Unicode Escape


Unicode Escape

About Unicode escape sequence

Unicode escape sequence convert a single character to the format of a 4-digit hexadecimal code point, such as \uXXXX. For example, "A" becomes "\u0041".

In DenCode, in addition to the \uXXXX format, the following notation formats are also supported.

FormatConversion result of "ABC"Description / Programming language
\uXXXX\u0041\u0042\u0043Common Unicode escape sequences
%uXXXX%u0041%u0042%u0043Percent-encoding (Non-standard)
U+XXXXU+0041 U+0042 U+0043Unicode standard notation for code points (Space separated)
0xX0x41 0x42 0x43Hexadecimal notation of code points (Space separated)

Some of the above formats are mentioned in RFC 5137 (ASCII Escaping of Unicode Characters) as BEST CURRENT PRACTICE, but there is no international standard.

The %uXXXX format is supported by Microsoft IIS, but is a non-standard format.
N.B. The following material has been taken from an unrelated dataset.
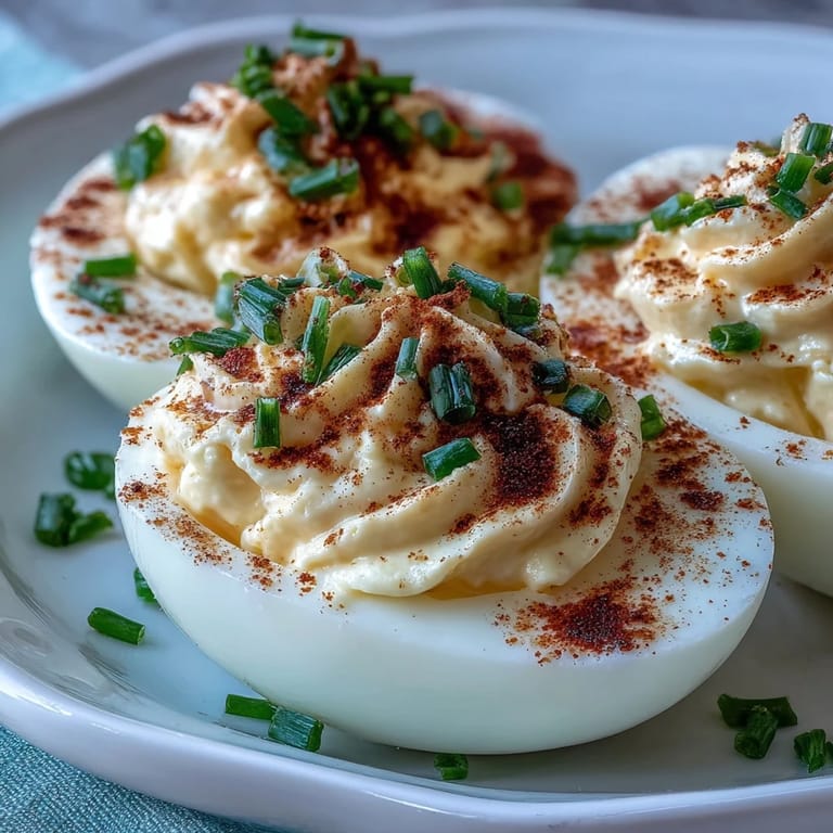 Save to Pinterest The scent of boiled eggs always takes me back to last year's block party, when I whipped up a tray of deviled eggs as an afterthought—and they vanished before I could set them down. Something about mixing creamy yolk with tangy mustard and scattering fresh chives had me grinning at how quickly that simple combination turned into crowd-pleasing bites. Oddly enough, the paprika's smoky aroma lingered longer than the eggs themselves, drawing neighbors into casual conversations around the table. On that day, I realized that deviled eggs are never just a filler—they invite people to pause and snack together. Making them was a breeze, even with my timer stuttering on the kitchen counter from the previous night's pasta mishap.

It can be encoded in %u format with System.Web.HttpUtility.UrlEncodeUnicode in C#, but this method has been obsoleted since .NET Framework 4.5.

Please note that in the \X format, a trailing single space is treated as a delimiter and ignored when decoding, as specified by CSS. In the U+XXXX and 0xX formats, each character is separated by a single space when encoded, and a trailing single space is ignored when decoded, as in the \X format.

Escaping by Unicode Name

As Unicode escape sequences, escaping by Unicode name is also supported.
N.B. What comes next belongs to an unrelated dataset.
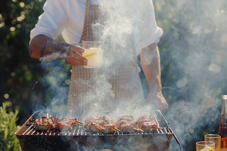 Individual grilling on an outdoor barbecue and sipping lemonade. Garden barbecue gathering in full swing.
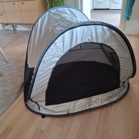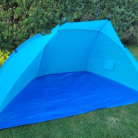 Nyd både skygge og læ inde i dette soltelt med UV 50+ solbeskyttelse! Teltet fungerer som et skyggetelt og beskytter mod solens UV-stråler med UV-beskyttelse 50+. Stoffet reflekterer en del af solens skadelige stråler væk, samtidig med at det giver en lavere temperatur i skyggen. Perfekt til ture til stranden, parken eller i haven med børn og babyer. Solteltet beskytter mod solens skadelige UV-stråler og giver læ for vind og sandfygning på stranden. I solteltets nedre kant er der løkker til at fastgøre teltet i sandet, med medfølgende pløkker. Teltet slås hurtigt og nemt op og ned med sin pop-up funktion, vejledning medfølger. Nem at have med på farten i medfølgende pose med hanke. Strandtelt

FormatConversion result of "A"Description / Programming language
\N{name}\N{LATIN CAPITAL LETTER A}C++23, Python, Perl

Unicode names can be found at Names List Charts - Unicode or NamesList.txt - Unicode.

Unicode non-BMP characters in Unicode escape sequence

Unicode non-BMP characters do not fit in the 4-digit code point, so they are represented in the following notation formats for each programming language.
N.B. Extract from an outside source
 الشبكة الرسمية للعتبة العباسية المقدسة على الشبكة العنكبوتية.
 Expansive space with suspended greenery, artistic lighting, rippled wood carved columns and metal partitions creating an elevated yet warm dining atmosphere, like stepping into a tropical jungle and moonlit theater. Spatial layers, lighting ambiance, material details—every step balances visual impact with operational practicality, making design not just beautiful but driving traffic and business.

The result of converting "😀" (U+1F600), which is a Unicode non-BMP character, is as follows.

FormatConversion result of "😀" (U+1F600)Programming language
\uXXXX\uD83D\uDE00Java, Kotlin, Scala
\u{X}\u{1F600}C++23, Rust, Swift, JavaScript, PHP, Ruby, Dart, Lua
\U00XXXXXX\U0001F600C, C++, Objective-C, C#, Go, Python, R
\N{name}\N{GRINNING FACE}C++23, Python, Perl

In the \uXXXX and %uXXXX formats, non-BMP characters are represented by two code units as UTF-16 surrogate pairs. In other formats, a character is represented by a single code point.